May I add a 4th answer in short?

1.) A circuit with feedback is unstable in case the loop gain has a phase shift of 360deg at a frequency where the loop gain magnitude is still larger the 0 dB. Note that this phase shift includes the inverting properties of the inverting terminal. Taking this phase inversion NOT into account (as this is done, normally, in the Nyquist plot) the criterion for instability regarding the phase reduces to -180deg phase shift of the loop gain function. This explains the case of positive feedback (360deg) because we have input phase=output phase (which is critical if the loop gain is larger than unity under this condition).
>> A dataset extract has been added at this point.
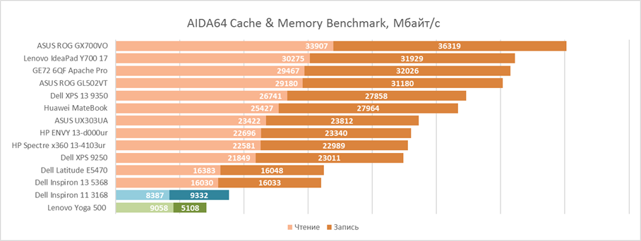 ОЗУ в Dell Inspiron 11 3168 всего 4 ГБ и это максимальный объём для модели. Для казуальных задач будет достаточно, да и редактор изображений вполне спокойно будет работать, если не пытаться скормить ему одновременно много файлов. Контроллер памяти, встроенный в данную систему-на-кристалле, не даёт Intel повода для гордости. Более того, по скорости чтения/записи лэптоп едва не проигрывает «противнику» на базе APU AMD (Lenovo Yoga 500 c AMD A8-7410), которая никогда не придавала этому аспекту большого внимания. А вот по общей производительности Dell Inspiron 11 3168 на Intel Pentium N3710 всё же проигрывает этому трансформеру, но за счёт меньшей производительности видеоядра.

Note that in case the stability check is performed using a simulation program, the additional 180deg. phase is normally included - provided that the loop gain is determined correctly (which sometimes is a bit involved). In this case, the loop phase must start at -180deg (at low frequencies) - and both margins are related to the frequency where the loop phase is -360deg.

2.) Interpretation (for a good understanding): Phase margin PM is the additional loop phase which would be necessary to bring the closed-loop system to the stability limit. Gain margin is the additional loop gain which would be necessary to make the closed-loop unstable.

3.) UPDATE/EDIT: "May please correct if I have made conceptual mistake anywhere during the course of the Question"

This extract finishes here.